• **EXERCISE PROMPT**
Output the whole listing exactly, with no pictures.

• **DATA SECTION**
- Opening Delimiter -
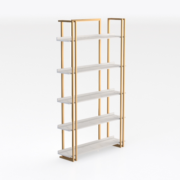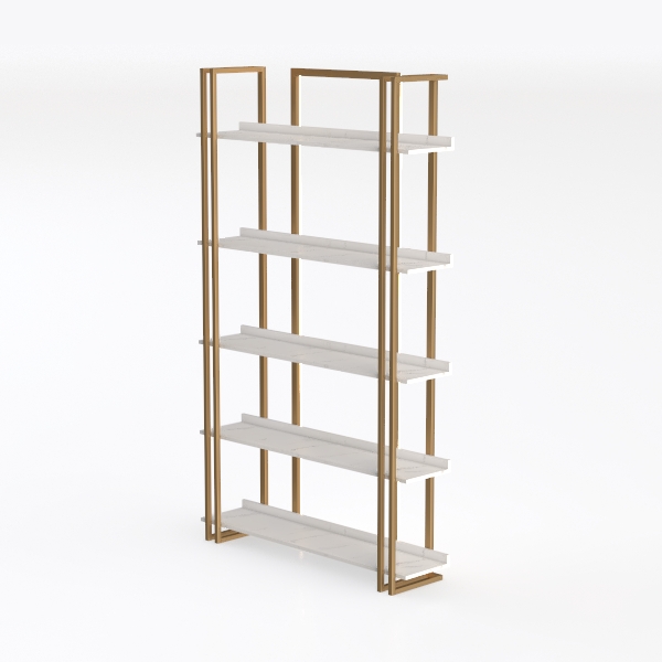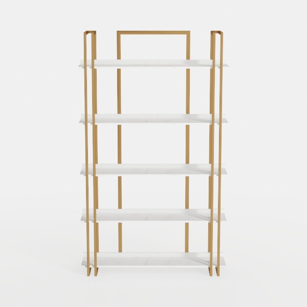 Crafted with a focus on geometric minimalism, this shelving unit draws inspiration from architectural precision, where clean lines and balanced proportions converge to create a piece that feels both intentional and serene. The frame, rendered in a warm, brushed brass tone, exudes a subtle metallic glow that softens under light, while the white marble-effect shelves offer a smooth, cool contrast—their glossy surface reflecting light gently, enhancing the unit’s airy, uncluttered presence.
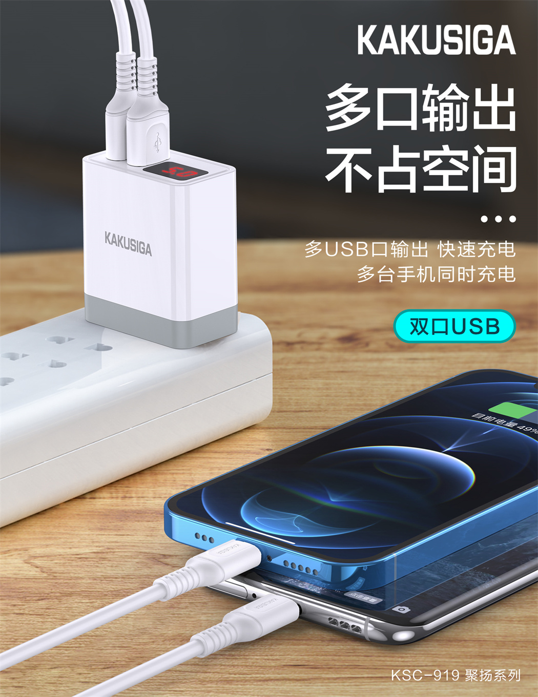 输出:USB1:5V=2.4A ; USB2:5V=2.4A
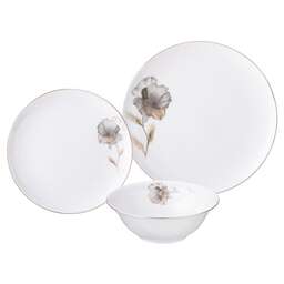 ТМ LEFARD коллекция "Времена года" выполнена из тонкостенного фарфора. Стильная форма, вместительный объем, модное сочетание пастельных тонов и цветочной деколи, отделка золотом - все это делает коллекцию неотразимой и очень привлекательной. Форма и цвет посуды способны оказать магическое действие на всех, кто находится за столом. «Времена года» могут согреть душу, создать тепло и уют в доме. Это прекрасный подарок. Продукция прошла сертификацию и безопасна для контакта с пищевыми продуктами. Можно ставить в микроволновую печь, не рекомендуется мыть в посудомоечной машине. Комплектность: тарелка обеденная 26,5*2,4 см - 6 шт., тарелка десертная 20*2 см - 6 шт., салатник 12*6,5 см 440 мл - 6 шт.
- Closing Delimiter -
• **RESULT BELOW**
 Crafted with a focus on geometric minimalism, this shelving unit draws inspiration from architectural precision, where clean lines and balanced proportions converge to create a piece that feels both intentional and serene. The frame, rendered in a warm, brushed brass tone, exudes a subtle metallic glow that softens under light, while the white marble-effect shelves offer a smooth, cool contrast—their glossy surface reflecting light gently, enhancing the unit’s airy, uncluttered presence.
 输出:USB1:5V=2.4A ; USB2:5V=2.4A
 ТМ LEFARD коллекция "Времена года" выполнена из тонкостенного фарфора. Стильная форма, вместительный объем, модное сочетание пастельных тонов и цветочной деколи, отделка золотом - все это делает коллекцию неотразимой и очень привлекательной. Форма и цвет посуды способны оказать магическое действие на всех, кто находится за столом. «Времена года» могут согреть душу, создать тепло и уют в доме. Это прекрасный подарок. Продукция прошла сертификацию и безопасна для контакта с пищевыми продуктами. Можно ставить в микроволновую печь, не рекомендуется мыть в посудомоечной машине. Комплектность: тарелка обеденная 26,5*2,4 см - 6 шт., тарелка десертная 20*2 см - 6 шт., салатник 12*6,5 см 440 мл - 6 шт.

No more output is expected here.